The latest post by Dr. Scott McLeod on his blog Dangerousy Irrelevant questions what K-12 educators may be/are “secretly hoping” through a humourous little cartoon (I won’t re-post it here, because unlike Dr. McLeod, I don’t have permission; you’ll need to click on the link to see it).
Now obviously there isn’t a blanket answer here for all K-12 educators. I’m also sure Scott McLeod is already well aware of some of the issues I’m going to take up here, but I’m going to do it anyway for the sake of being able to achieve some semblance of a train of thought this evening (my brain seems to have switched off).
For some teachers, sadly, there is a hope that the content they have always taught will be eternally relevant. For others, there is a realisation that today’s content isn’t going to be the be-all-and-end-all for their students. Those teachers can and do make amazing things happen in their classrooms. I hope that sometimes, just sometimes, such glimmers of hope do shine momentarily out of my classroom windows. Yet we also need to remember that such fantastic teachers are restricted and frustrated by systems, curriculums, governments and sometimes even school communities that simply haven’t made the realisation yet.
I also think I need to make a point that might make some teachers of long division, state capitals and cursive writing feel a little better. Just because you teach these things doesn’t make you a bad, or even outdated teacher. What you need to be concerned about is whether this content is the sole driving force of your teaching. Any teacher who remembers their Educational Psychology from uni, particularly the work of Piaget, will remember schemas. Yes people! The idea that new knowledge is constructed and understood through the addition to, extension, or even redefining or disproving of existing understandings (this is a very watered down explanation, I know). So let’s not slam content completely. There is content that children need to learn in school that they will need as the basis for developing further understanding throughout their lives.
On the other hand, anyone who thinks a person is going to get a job based on their abilities in long division and cursive handwriting, and their knowledge of captial cities, is not thinking all that realistically. There is a certain amount of content that children need to learn in school (or perhaps they negotiate what they need to learn and construct their own understandings; perhaps a discussion for another time). Perhaps the best way of seeing the content is that helps contextualise the learning of skills and values that I think the fabulous, innovative teachers are seeing as becoming increasingly important to develop within students.
Let’s take the long division as an example. In the outcomes-based syllabuses of the state of New South Wales, the outcome connected with the learning of long division is this:
NS3.2 Selects and applies appropriate strategies for multiplication and division
Long division is only one part of that of course. Yet it’s only when you go into the content that you see what the NSW Mathematics Syllabus demands. Embedded within this are a whole range of skills, including:
- estimating
- selecting appropriate strategies (yes, long division is not always the best way)
- using operations in real-life situations
- checking answers in the original situation
- giving valid reasons for an answer, etc., etc.
These skills are all tied in with the five outcomes that make up the Working Mathematically strand of the syallabus. It’s the embedding of these skills into the learning that make this syllabus a marked improvement on the old one (which was exceptional for its time).

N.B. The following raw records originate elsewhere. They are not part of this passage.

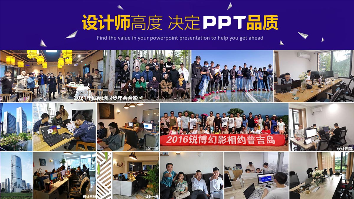 銳博PPT是面向大中華區,集PPT策劃、設計、制作、發布為一體的PPT制作公司,自擁有近三十名設計師,專門為政府、事業單位、企業、個人提供高級別路
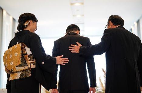 新郎様のご両親からのジャケットセレモニーでご新郎様の身支度が完成。両親から「言っておいで」と背中を押され、新郎様の気持ちが引き締まる瞬間。新婦様の入場ではお母様よりベールダウンセレモニーをしていただき、その後お父様とバージンロードへ。 お二人ともに、両親に見守られ新たな第一歩を歩む挙式に。
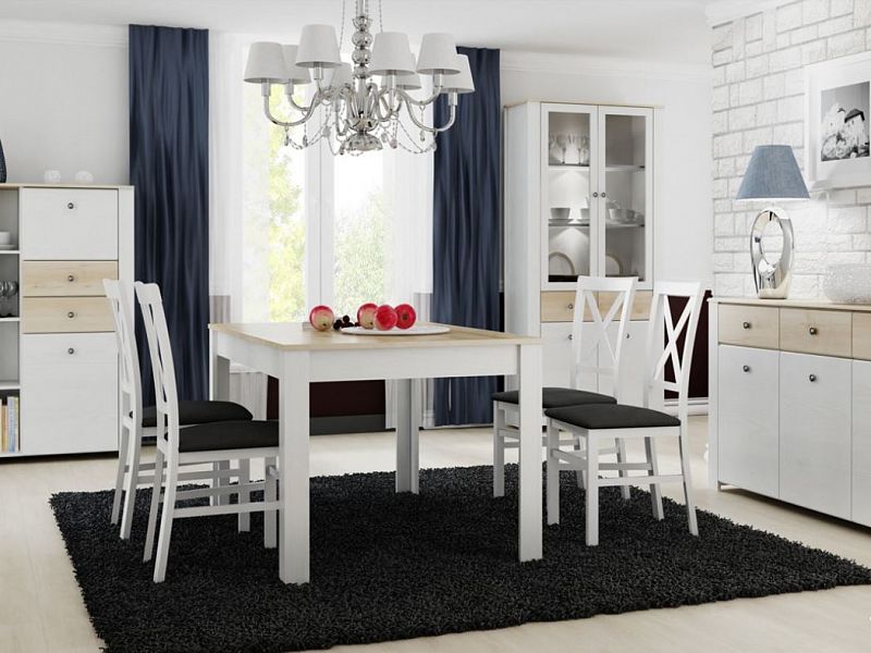 Jídelní židle PROVANCE vyniká svým nadčasovým designem, který snadno začleníte do každého interiéru. Polstrovaný, čalouněný sedák je v šedém tónu a vytváří svěží a vzdušný dojem. Konstrukce dřevo masiv buk - moření bílé barvy.

So where am I going with all of this? Well, the point I’m looking to make is this. The shift needs to be away from a focus on learning content, and being satisfied we’ve achieved as teachers because our children know the content. After all, new content is produced at an alarming rate; we cannot begin to imagine everything that our children will need to know when they leave school. The shift needs to be towards learning essential content through the mastery of lifelong learning skills. If children know how to learn, and value learning, then that is what will make them a valuable commodity in the labour market of the future, because they will be able to apply themselves to what needs to be done.

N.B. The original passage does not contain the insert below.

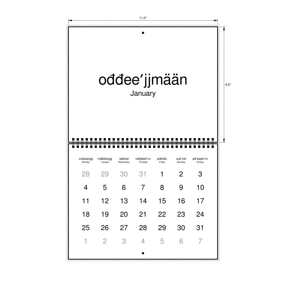 2026 Wall Calendar, Skolt Sámi-Labeled, Monday-Start Layout, Wire-Bound, 11 x 8.5 in (27.9 x 21.6 cm)

I can take my own experience as a rough example. When I started school, there were no computers, so there definitely weren’t any Learning Technology Coordinators. When computers were introduced, I learnt how to type, how to word process on the old Apple program Multiscribe, played Sim City, eventually used a PC once I got to uni, etc. Yet once I actually became an LTC (after already teaching for a little while), none of the software I’d learnt as a child was going to help me - it wasn’t there. My primary school wasn’t networked in 1989, we could only save our own data on magnetic disks… you get the picture. A lot of what I do now has been learnt through getting a taste from someone, somewhere, perceiving that it’s something we need as a school (and consequently that I need to learn), and having an interest in playing around till I get the hang of it. One of these days, we LTCs will have done ourselves out of a job, because using computers in classrooms will be as common as writing on a chalkboard, and I’ll be looking for the next thing I need to learn.